- [EXERCISE DESCRIPTION]
All lines in the records below from the line with "Tablero de Wrandy Digital" through the line with "Verbandsreise ins Burgund" are to be given again exactly, both ends included; the pictures are to be left out.
=== Begin Enclosure ===
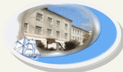
Проект учеников гимназии №13 «ПУТЕВОДНАЯ НИТЬ»
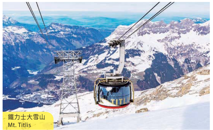
鐵力士大雪山 Mt. Titlis

自助式早餐後，驅車前往 法國最著名博物館-羅浮皇宮 ，特別安排入場參觀，館內珍藏無數，如達文西的「 蒙羅麗莎的微笑 」、希臘出土的 勝利女神 和 維納斯女神像 、古埃及的 獅身人像 等，必定能令你增廣見聞。繼後前往 卡通藝術家天堂蒙瑪特山崗 ，許多未成名畫家集於此地替遊客寫生，而 聖心教堂 又名白教堂聳立於山崗上好像照耀整個花都巴黎的浪漫。繼而領隊可代安排自費乘船
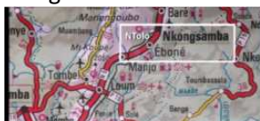
Ntolo Région du Littoral Département du Moungo Arrondissement du Nlonako Ethnie Bakaka
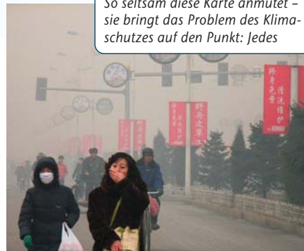
Dicke Luft: China verheizt enorm viel Kohle – das verursacht nicht nur Smog, sondern auch Treibhausgas.

Die verzerrte Welt der Treibhausgase So seltsam diese Karte anmutet – sie bringt das Problem des Klimaschutzes auf den Punkt: Jedes Land ist so groß, wie es seinem aktuellen Ausstoß des Treibhausgases CO 2 entspricht.
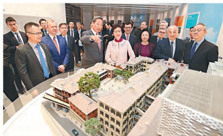
香港特別行政區行政長官林鄭月娥參觀《中區警署建築群風采再現——一次服務社群與活化古蹟的旅程》展覽，該展覽追溯馬會十年來在大館項目的投入。
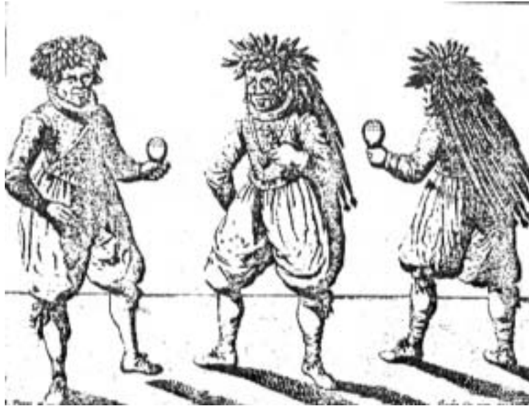
Figura 6: Indios tupinambá con trajes a la moda europea (D'Evreux, 1613) (Ribero, 1990)
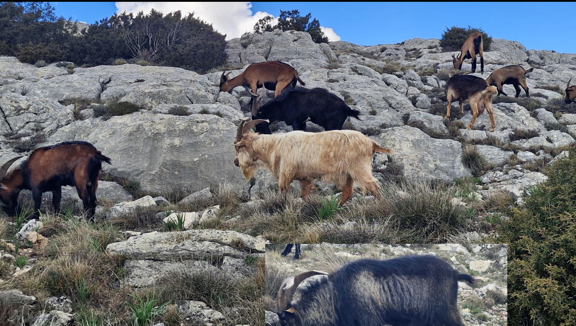
Les chèvres du Rove
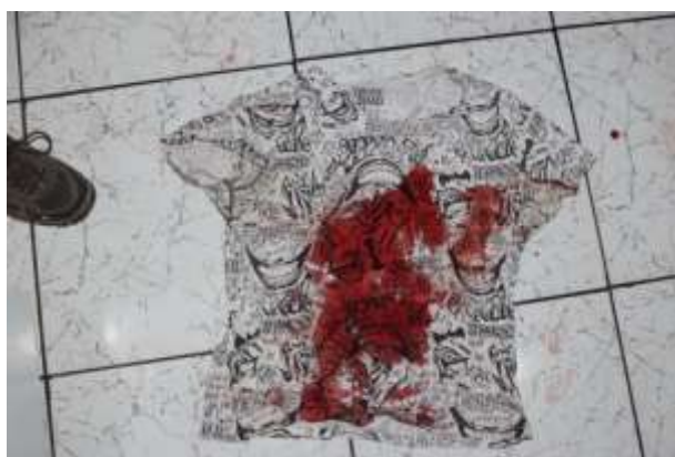
Figura 2. Camisa usada pelo autor deixada no local.

Os vestígios em abundância sugerem fúria no momento dos fatos, com violência em excesso; o autor também não se preocupou em esconder a arma do crime (que era, inclusive, uma arma improvisada no momento) ou outros vestígios, como suas roupas sujas e sangue.
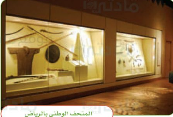
المتحف الوطني بالرياض

في وطني متاحف تضم أبرز القطع الأثرية وصوراً لمعالم تاريخية وثقافية من وطني. كما تقام بين حين وآخر معارض تبرز العناية الكبيرة فيما يقدمه وطني من أعمال وإنجازات.
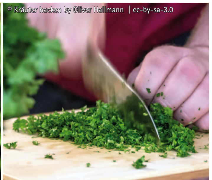
Kräuter hacken
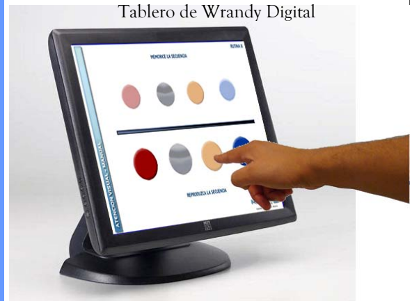
Tablero de Wrandy Digital
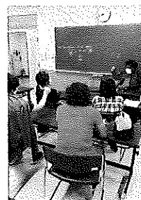
英会話教室の様子

①エンジョイ・イングリッシュ 毎週月曜日 19時30分～21時00分 阿智村中央公民館 指導者 スタースク・マーク 参加者 6名 施設閉館中は、ライン内で教室を開催
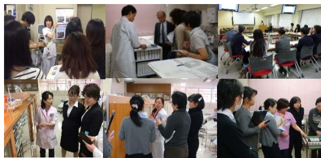
国内の医療機関からの視察

✿ 6年間の地道な活動が認められ医療チーム功労賞の受賞となりました。今後も歯学部病院がますます良い病院になりように力を合わせて頑張っていきます！！
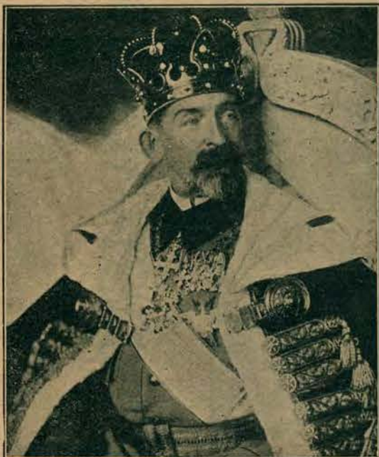
Król Ferdynand rumuński, którego stan zdrowia od dłuższego czasu jest tak zły, że lekarze uważają go za beznadziejny.
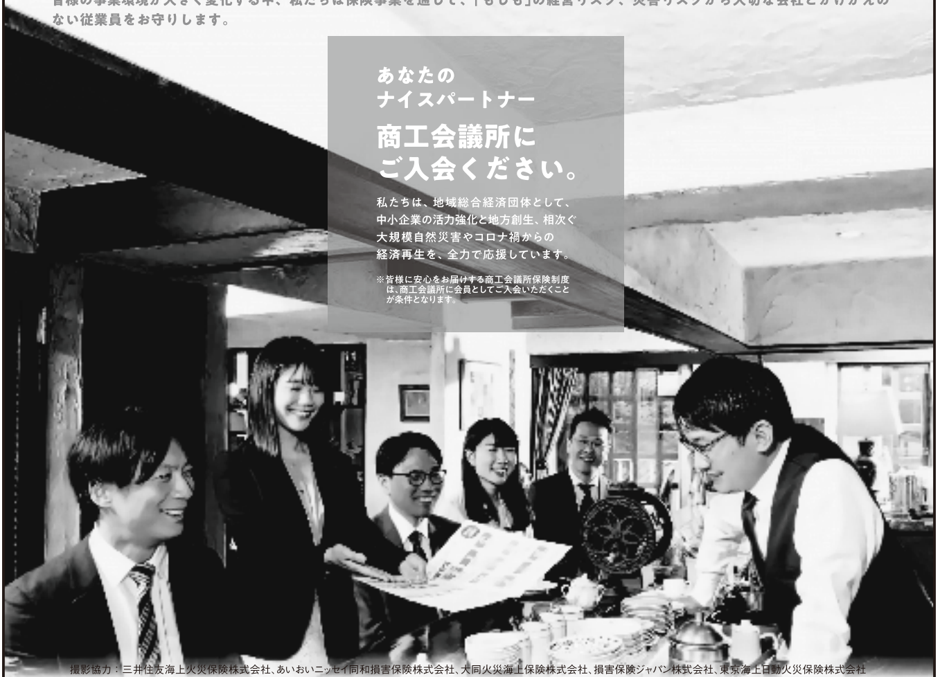
撮影協力：三井住友海上火災保険株式会社、あいおいニッセイ同和損害保険株式会社、大同火災海上保険株式会社、損害保険ジャパン株式会社、東京海上日動火災保険株式会社

※皆様に安心をお届けする商工会議所保険制度 は、商工会議所に会員としてご入会いただくこと が条件となります。
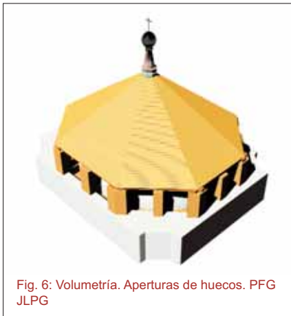
Fig. 6: Volumetría. Aperturas de huecos. PFG JLPG

cesarios para la intervención, tales como andamios perimetrales y plataformas de descarga y acopio de materiales, todos perfectamente anclados a elementos portantes.
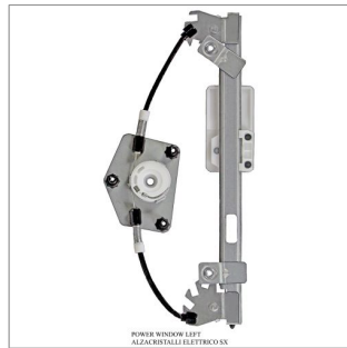
POWER WINDOW LEFT ALZACRISTALLI ELETTRICI SX

Alzacristalli di ricambio / Elevavinas de recambio
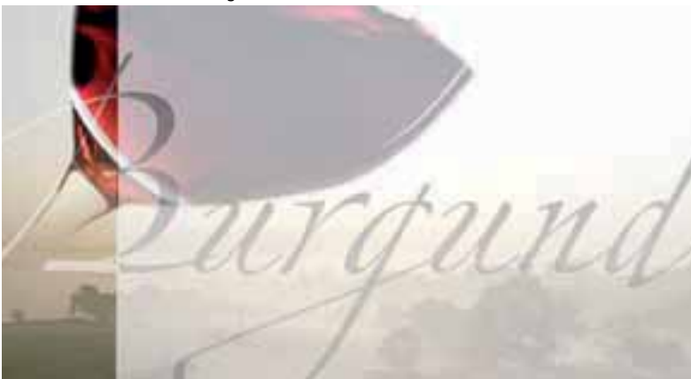
Verbandsreise ins Burgund

Die Auswahl der Bilder zeigt einen Ausschnitt der Verbandsaktivitäten 2009 und hat keinen Anspruch auf Vollständigkeit. Über viele Anlässe des Verband Schreiner Thurgau VSSM haben wir an diese Stelle bereits ausführlich informiert. Weitere Hintergründe in Bild und Text auf www.schreinerthurgau.ch .
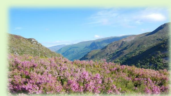
Mielada, el período de floración de las distintas plantas melíferas.

Puntos de interés: las ruinas del antiguo batán, la biodiversidad y los colmenares.
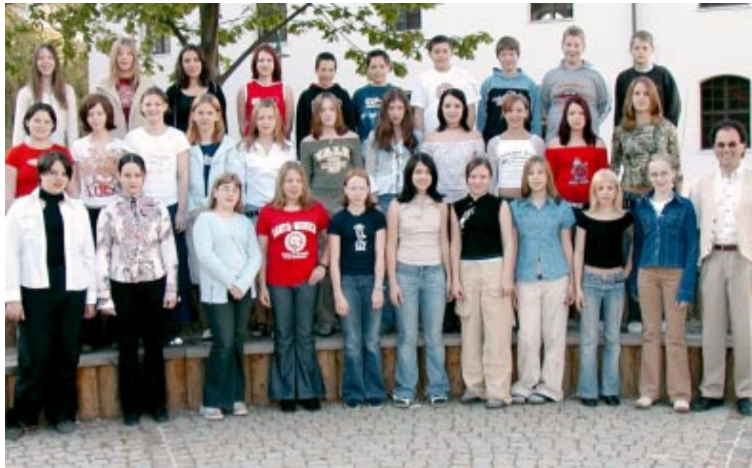
ERG Oberschützen Klasse 3b
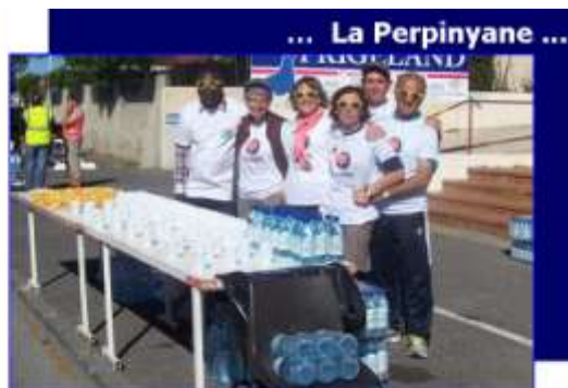
... La Perpinyane ... Les Ravitailleurs au 5°km
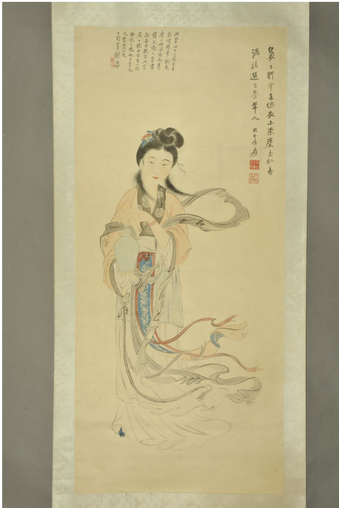
4. Zhang Daqian (1899-1983), Figure féminine , encre et couleurs sur papier, style minutieux, musée d'Art de Pékin. Avec l'aimable autorisation du musée des Beaux-Arts de Gaillac.
=== End Enclosure ===
- [RESULT FOR THIS TASK]
Tablero de Wrandy Digital
英会話教室の様子

①エンジョイ・イングリッシュ 毎週月曜日 19時30分～21時00分 阿智村中央公民館 指導者 スタースク・マーク 参加者 6名 施設閉館中は、ライン内で教室を開催
国内の医療機関からの視察

✿ 6年間の地道な活動が認められ医療チーム功労賞の受賞となりました。今後も歯学部病院がますます良い病院になりように力を合わせて頑張っていきます！！
Król Ferdynand rumuński, którego stan zdrowia od dłuższego czasu jest tak zły, że lekarze uważają go za beznadziejny.
撮影協力：三井住友海上火災保険株式会社、あいおいニッセイ同和損害保険株式会社、大同火災海上保険株式会社、損害保険ジャパン株式会社、東京海上日動火災保険株式会社

※皆様に安心をお届けする商工会議所保険制度 は、商工会議所に会員としてご入会いただくこと が条件となります。
Fig. 6: Volumetría. Aperturas de huecos. PFG JLPG

cesarios para la intervención, tales como andamios perimetrales y plataformas de descarga y acopio de materiales, todos perfectamente anclados a elementos portantes.
POWER WINDOW LEFT ALZACRISTALLI ELETTRICI SX

Alzacristalli di ricambio / Elevavinas de recambio
Verbandsreise ins Burgund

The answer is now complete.